Blog Category:  Artist Spotlight
Porcelain pedestal bowl featuring an iridescent lustreware glaze. Around the bowl, winged fairies and sprites cavort on a vibrant green field set against a deep blue background. The figures and the decorative elements along the rim and foot of the bowl are outlined in gold cloisonne.

NMWA exhibition Casting a Spell: Ceramics by Daisy Makeig-Jones features work that the artist (1881–1945) created for the Wedgwood pottery company. She is best known for Fairyland Lusterware, a Wedgwood line incorporating fairies, imps, and other fantastical creatures into the intricate decoration of ceramic wares. Lusterwares are made with metallic glazes, producing an iridescent effect on the finished works.

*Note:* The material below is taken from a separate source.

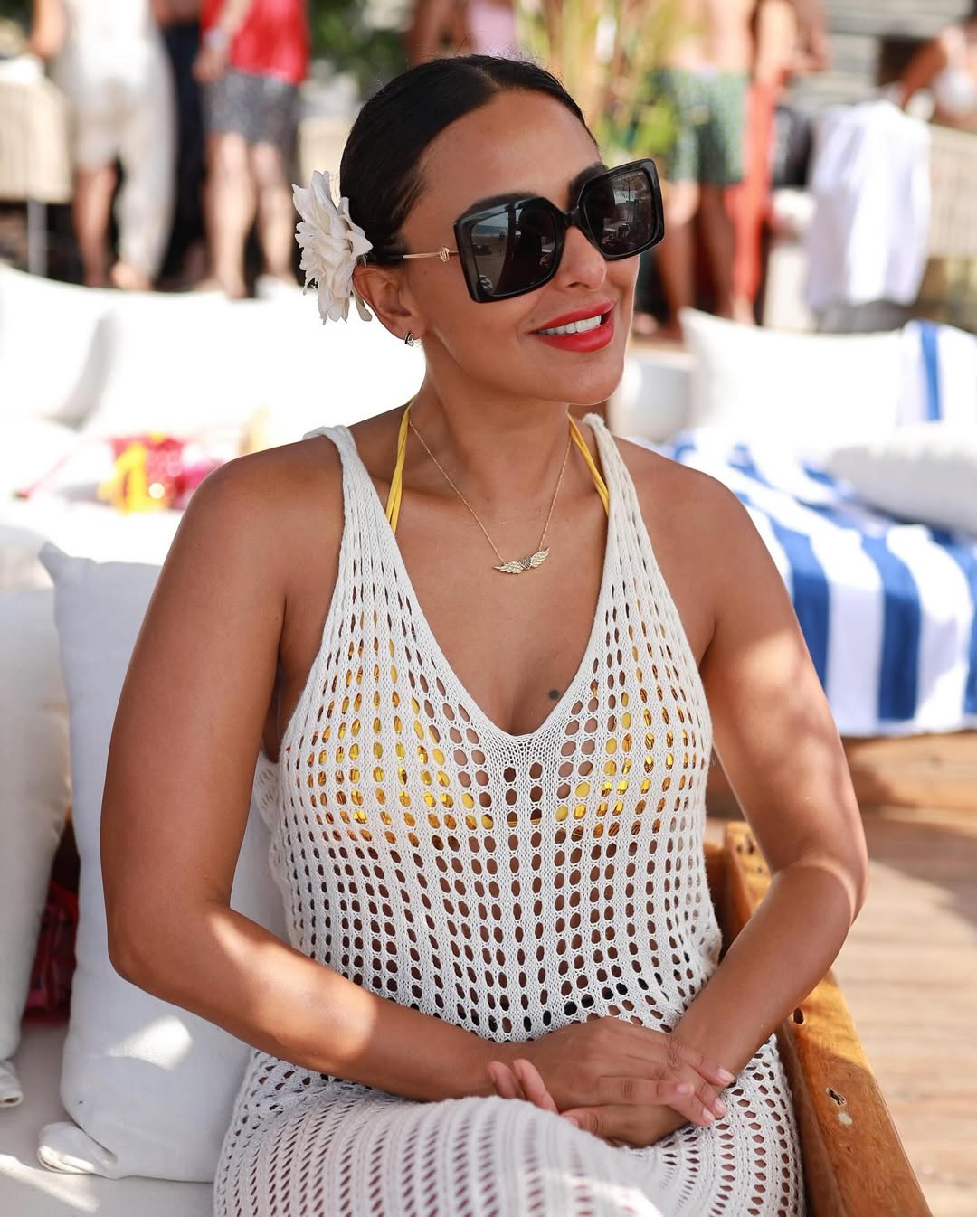 أما ميس حمدان، فاختارت فستان بحر مشبك باللون الأبيض، بقصة طويلة تبرز جمال قوامها وتناسب أجواء الشاطئ. وقد بدا أنها ترتدي تحته لباس سباحة باللون الأصفر، ما أضفى لمسة مرحة ومشرقة على الإطلالة. واختارت تسريحة شعر مشدودة إلى الوراء، وزيّنتها بوردة على أحد الجانبين، في لمسة رومانسية أنثوية. كما نسقت نظارات شمسية عريضة بارزة أكملت بها هذا اللوك الصيفي الساحر.

Porcelain pedestal bowl featuring an iridescent lustreware glaze. Around the bowl, trees on a vibrant dark background. The decorative elements along the rim and foot of the bowl are outlined in gold cloisonne.
Daisy Makeig-Jones, Punch bowl, ca. 1916–31; Bone china with underglaze, luster, and gilding; Exterior color scheme: Black Fairyland; Pattern: Poplar Trees; Base pattern: Cobble Bead; Interior color scheme: Daylight Fairyland; Pattern: Woodland Bridge (Woodland Elves V)

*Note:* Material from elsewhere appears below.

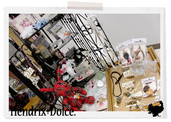 写真は棚じゃなくてテーブルなんだけど、一応テーマみたいなのはキラキラしたもの?乙女?可愛いの?何かそんな感じです。レースを使ったコサージュとかパール使ったストラップとかピンク系のネイルチップとか置いてます。そして唯一のうさぎ型ぬいぐるみ。柄もアリスっぽい柄で実はお気に入りですw月末辺りにここのテーブルに新作が登場する予定。布小物だから私が作ってるんじゃないけど、生地は私が一目惚れしたやつです。お楽しみに~!!ww

Fairyland Lusterware production was divided into eight color schemes, with four corresponding to types of natural light: day, night, sunset, and moonlight. To achieve an especially dramatic effect, she occasionally paired two color schemes within one vessel.

Close-up of a ceramic with a painted tree outlined in gold.
Punch bowl interior detail with “MJ” intitials

A punch bowl on view displays the “Poplar Trees” design in the Black Fairyland palette on its exterior and the “Woodland Bridge” motif in the soft Daylight palette on the interior.

Although Wedgwood policy prohibited the signing of works, Makeig-Jones added her initials, a small “MJ”, into this variation of Woodland Bridge. The overlapping letters appear five times in this bowl, to the left of the base of the clustered trees.
The initials likely were engraved into the copperplates that Wedgwood artisans used to transfer Makeig-Jones’s designs to the ceramic objects.